How Redis implements this under the hood: Each GEOADD computes a 52-bit geohash of the coordinates and stores it as the score in a sorted set (ZSET). GEOSEARCH computes the geohash of the query point, determines which geohash ranges cover the search area (the 9-cell approach), performs range scans on the sorted set, and applies exact distance filtering. All in ~0.1ms.

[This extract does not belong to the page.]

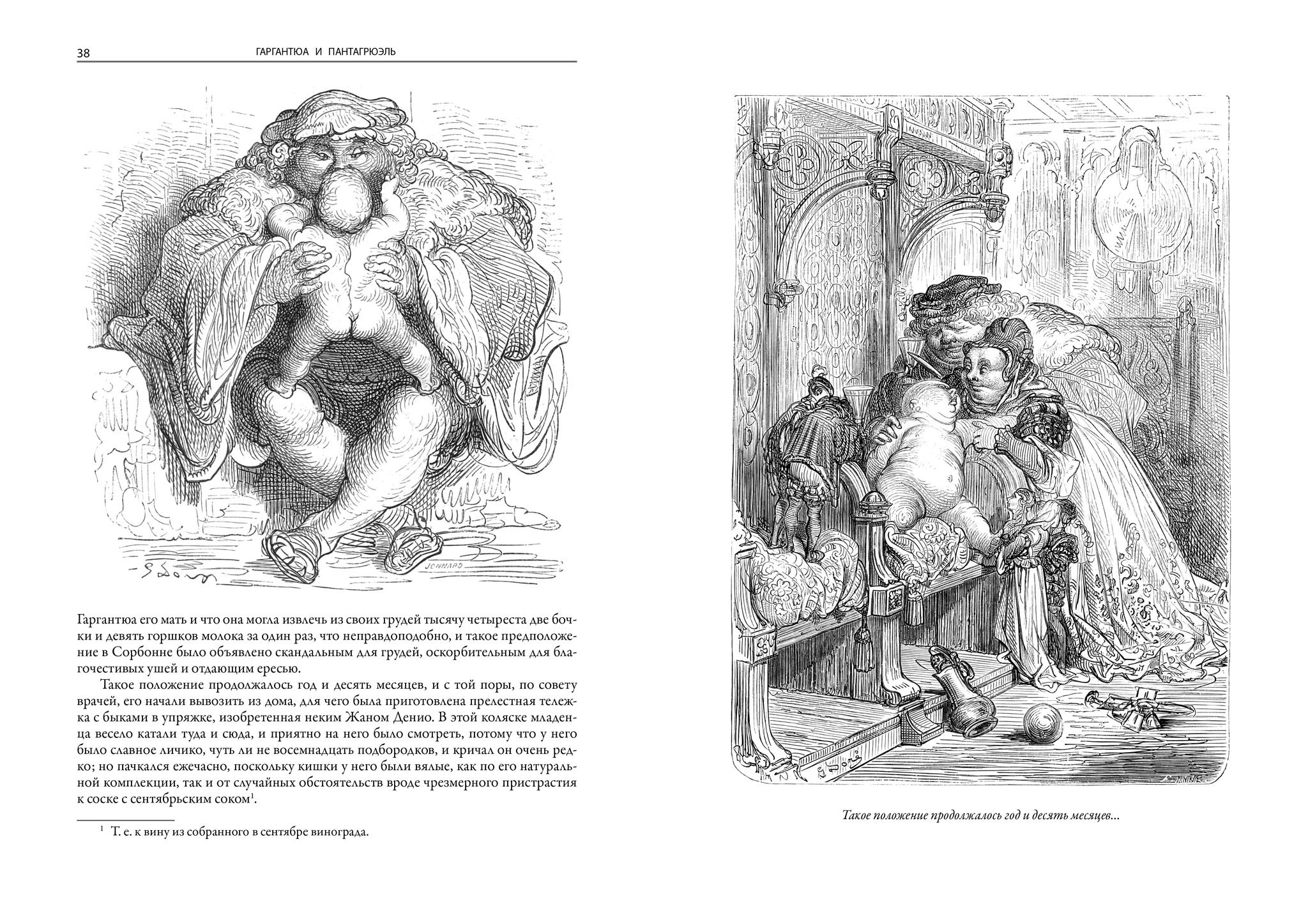 The famous satirical novel "Gargantua and Pantagruel", written by the great 16th century humanist François Rabelais and one of the best literary monuments of the Renaissance, is published in the first Russian translation made in 1929 by Vladimir Alexeevich Pyast (real name Pestovsky). In this edition, this translation is supplemented with all previously omitted fragments. The book is decorated with booklets, vignettes, and 704 illustrations by Gustave Doré, a prominent French artist and engraver of the 19th century.

# Application code: combine Redis geo with business data
import redis

r = redis.Redis()

def search_nearby(lat, lng, radius_km, category=None, limit=20):
    # Step 1: Get candidate business IDs from Redis
    results = r.geosearch(
        'businesses:geo',
        longitude=lng, latitude=lat,
        radius=radius_km, unit='km',
        sort='ASC', count=limit * 3,  # over-fetch for filtering
        withcoord=True, withdist=True
    )

    # Step 2: Fetch full business details from cache/DB
    biz_ids = [r['member'] for r in results]
    businesses = get_businesses_batch(biz_ids)  # Redis hash or DB

    # Step 3: Apply filters
    if category:
        businesses = [b for b in businesses if b['category'] == category]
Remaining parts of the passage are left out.